This Article is From Mar 05, 2019

No Alliance With AAP, Says Congress After Rahul Gandhi Meets Leaders

Lok Sabha Elections 2019: During backchannel talks, AAP had offered two seats to the Congress in Delhi and said it was open for an alliance in Punjab as well.

Lok Sabha Elections 2019: Rahul Gandhi held a two-hour meet with the Congress's Delhi leaders.


  • AAP said it would negotiate, with several seat-sharing formulas ready
  • AAP offered 2 seats to Congress, said it was open to alliance in Punjab
  • Congress move comes after nudge from senior opposition leaders
New Delhi:

The united opposition's hopes of an alliance between the Congress and the Aam Aadmi Party were dashed today as Delhi Congress chief Sheila Dikshit -- after a meeting with party chief Rahul Gandhi -- announced that there would be none. Furious, the AAP later declared that the Congress was committed to "helping the BJP".

Arvind Kejriwal's AAP had announced candidates for six of Delhi's seven Lok Sabha seats earlier this month, saying the Congress was not interested in an alliance. But the party was open to negotiations and had several seat sharing formulas ready, sources said. One of these involved two of Delhi's seven seats for the Congress, which was holding out for three seats. Mr Kejriwal's party was ready to offer more if they got seats in Haryana and Punjab.

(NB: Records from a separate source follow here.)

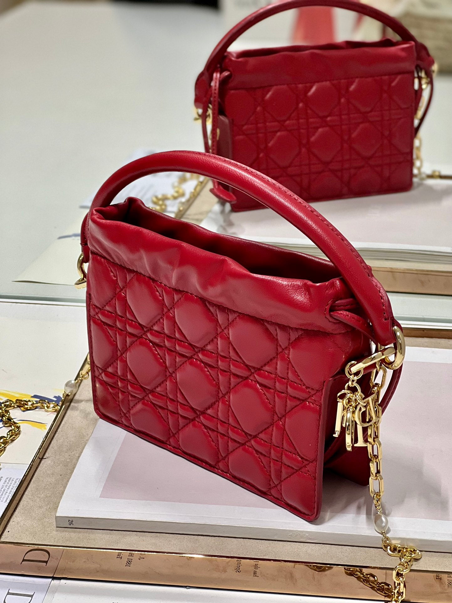 New for Spring 2023, the sophisticated, retro-style Milly bag elevates the Lady Dior line. Crafted in black Cannage lambskin, it features a D.I.O.R. charm and a drawstring cord closure. The removable leather handle is completed by a detachable chain punctuated with beads, allowing the miniature bag to be carried by hand or worn crossbody.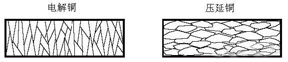 圖2 電解銅和壓延銅微粒結(jié)晶結(jié)構(gòu)示意圖
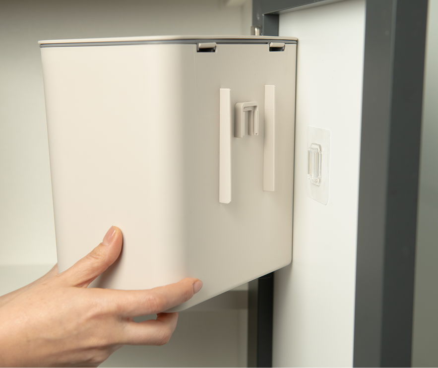 - -Pode ser usada na bancada, parede ou dentro do armário -Fixação na parede com tecnologia do adesivo Ultra Click, sem precisar furar a parede -Aro interno removível que oculta o saco de lixo e mantém o visual clean

But Ms Dikshit said the state Congress had "unanimously" turned down the idea of an alliance with Arvind Kejriwal's party. "It is final that there will be no alliance with AAP. Mr Gandhi has accepted the decision. The Congress will go it alone in all seven seats in Delhi and win," Ms Dikshit told NDTV.

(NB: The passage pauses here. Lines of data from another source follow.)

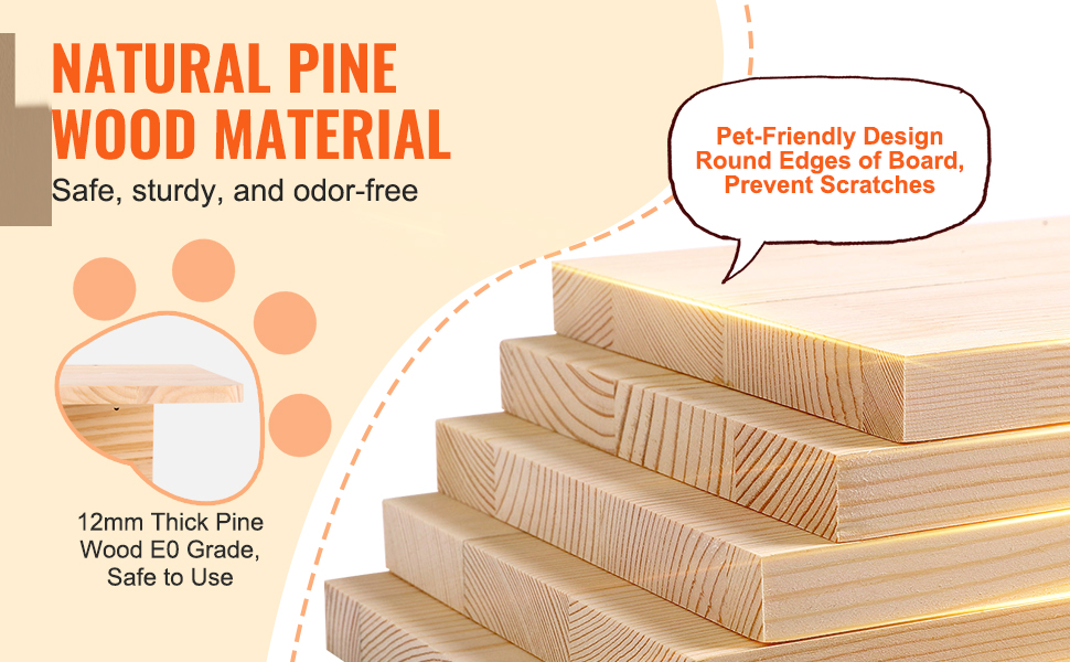 Plávajúce hojdačky pre mačky sú vyrobené z prírodného borovicového dreva, ktoré poskytuje stabilnú oporu, je zdravotne nezávadné a bez zápachu, čím vytvára bezpečné prostredie pre vašu mačku.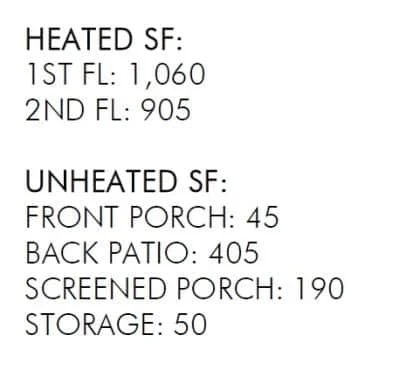 - Unheated extras: 690 sq. ft. including screened porch, front porch, and rear porch.
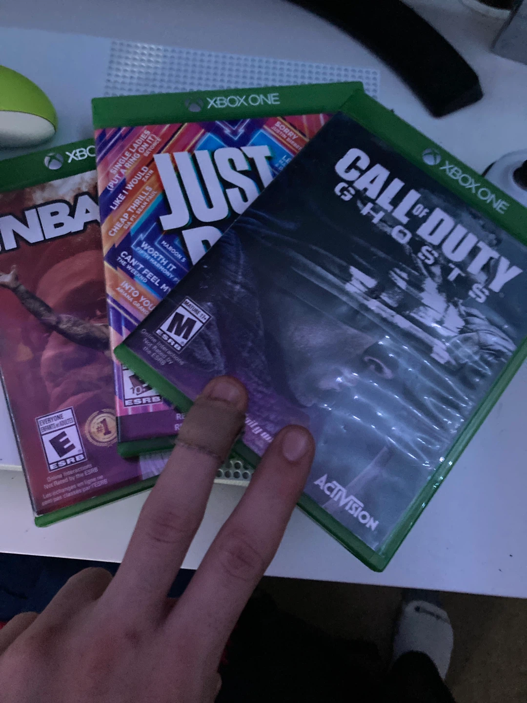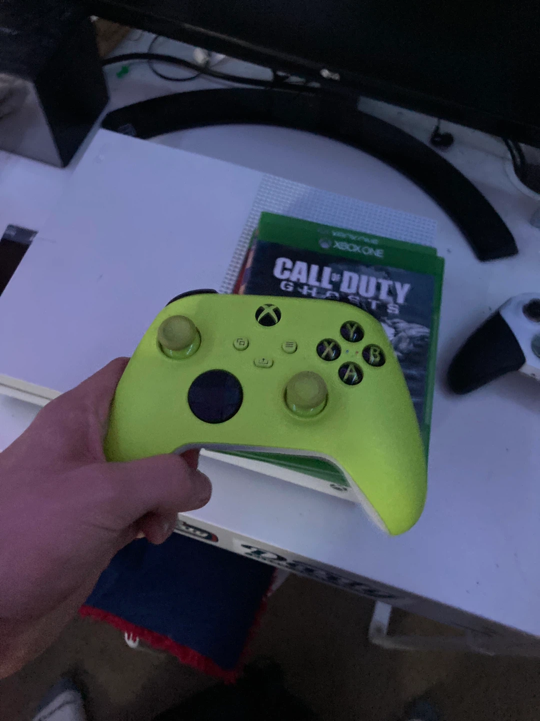 White Xbox One S console. Includes Call of Duty: Ghosts, Just Dance, and NBA 2k17 games for Xbox One. Also comes with a bright green controller. Perfect for gaming nights!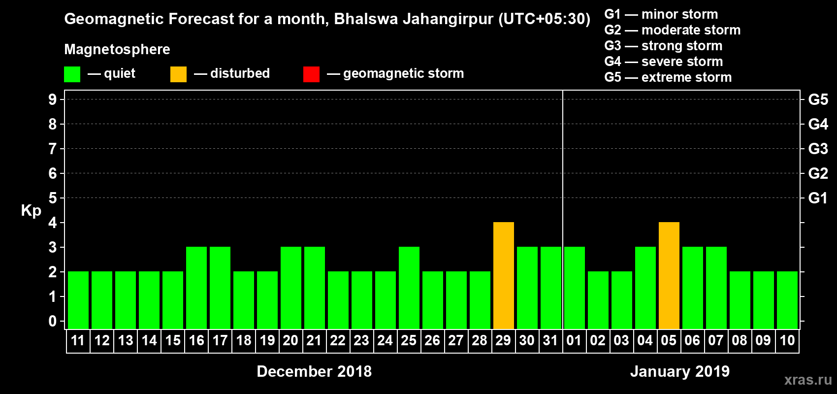 Geomagnetic storm forecast in Bhalswa Jahangirpur for Dec 11, 2018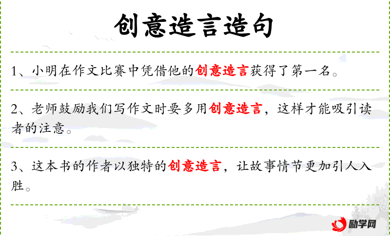 - 创意造言:名词短语,表示有创意的表达方式。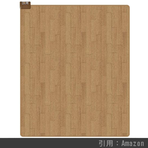 木目調のデザインのホットカーペット。表面がフローリングのようにスベスベしているので汚れに強い。キッチンに敷く方や、ペットを飼われている方におすすめ。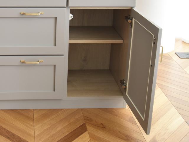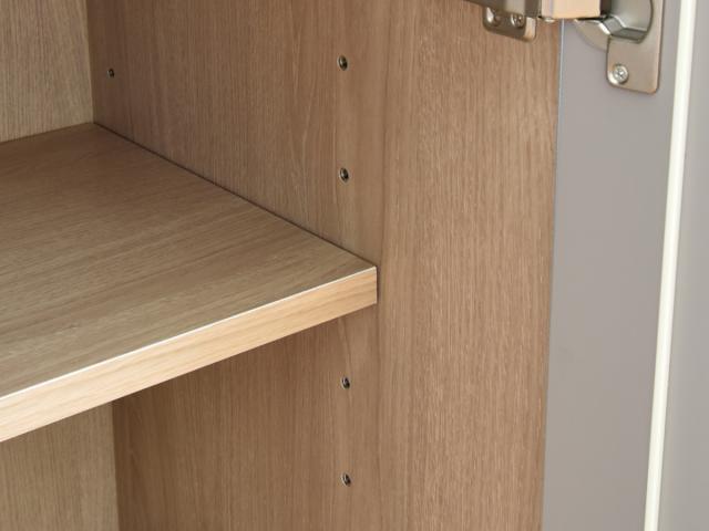 パッと開けられて、物の出し入れがしやすい開き扉収納付きです。収納物に合わせて高さを調整できる可動棚付きなので、高さのあるボトルも収納できます。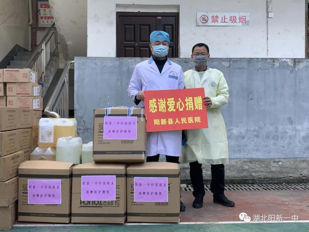阳新一中1997届校友在得知阳新县人民医院防护物资告急的情况之后,汪烈鑫、何洁琦、明文剑等马上牵头筹措资金,大家爱心汇聚,合力购置3万余元防护物资及时送到阳新县人民医院,为医院一线抗疫人员解决燃眉之急。

A senior Congress leader told NDTV that Ms Dikshit, whose three-term government was swept out by AAP's march to power, had strongly opposed the alliance.

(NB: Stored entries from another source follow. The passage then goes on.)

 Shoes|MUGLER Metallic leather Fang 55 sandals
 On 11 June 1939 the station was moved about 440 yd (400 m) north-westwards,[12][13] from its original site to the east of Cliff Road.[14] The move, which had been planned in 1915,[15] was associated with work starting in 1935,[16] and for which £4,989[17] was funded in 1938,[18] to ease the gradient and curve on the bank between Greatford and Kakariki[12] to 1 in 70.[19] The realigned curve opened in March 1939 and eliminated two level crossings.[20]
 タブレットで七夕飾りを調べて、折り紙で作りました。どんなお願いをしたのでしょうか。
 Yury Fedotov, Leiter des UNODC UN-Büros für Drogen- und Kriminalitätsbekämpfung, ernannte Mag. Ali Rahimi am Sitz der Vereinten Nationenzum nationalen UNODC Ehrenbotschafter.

"She said in the last election in Delhi, both AAP and the Congress fared pretty much same and now Congress votebank is growing in Delhi while AAP is on a decline. At this rate, the Congress will grow bigger than AAP and can perform much better in the coming elections," he added.

AAP said for the Congress, the party is bigger than the nation. "As in Punjab, the BJP helped the Congress in defeating the AAP, the Congress is doing the same in Delhi," party leader Gopal Rai said at a press conference.

Mr Kejriwal tweeted:

Rahul Gandhi's meeting with the state leaders today came after a nudge from senior opposition leaders including Mamata Banerjee, who are trying to plug the holes in the united front against the BJP in the coming national elections.

The need for a rethink in overall opposition strategy was felt after the terror attack in Jammu and Kashmir's Pulwama and the subsequent air strikes at Pakistan's Balakot, which has led to a huge nationalistic fervour. The BJP is reworking its strategy too, building a fresh campaign around nationalism and national security.

Last month, at a mega meeting of the opposition, both AAP and the Congress were asked again to put behind their differences and stitch up an alliance in Delhi. But Rahul Gandhi had signalled reluctance, saying his party was willing to go it alone.

Days later, Mr Kejriwal said the Congress has "refused to go for an alliance" and he was "fed up" with repeatedly requesting a tie-up. Days later, on March 2, AAP announced its candidates for Delhi.

In the 2014 national elections, the BJP won all seven seats of Delhi. But in the subsequent assembly elections, AAP found tremendous support. In the 2015 assembly elections, AAP won 67 of Delhi's 70 seats, while the Congress, which had ruled Delhi for three terms, drew a blank.

The Congress-AAP dynamics had been skewed from the beginning, with Mr Kejriwal's party being an offshoot of the anti-corruption movement of Anna Hazare that had targeted the Congress government in Delhi led by Sheila Dikshit. Still, the two parties had entered a partnership in 2013, which ended with Mr Kejriwal's 49-day tenure as Chief Minister.

The parties, which have been at loggerheads since, had to re-calibrate their stance for the national stage after persuasion from opposition leaders.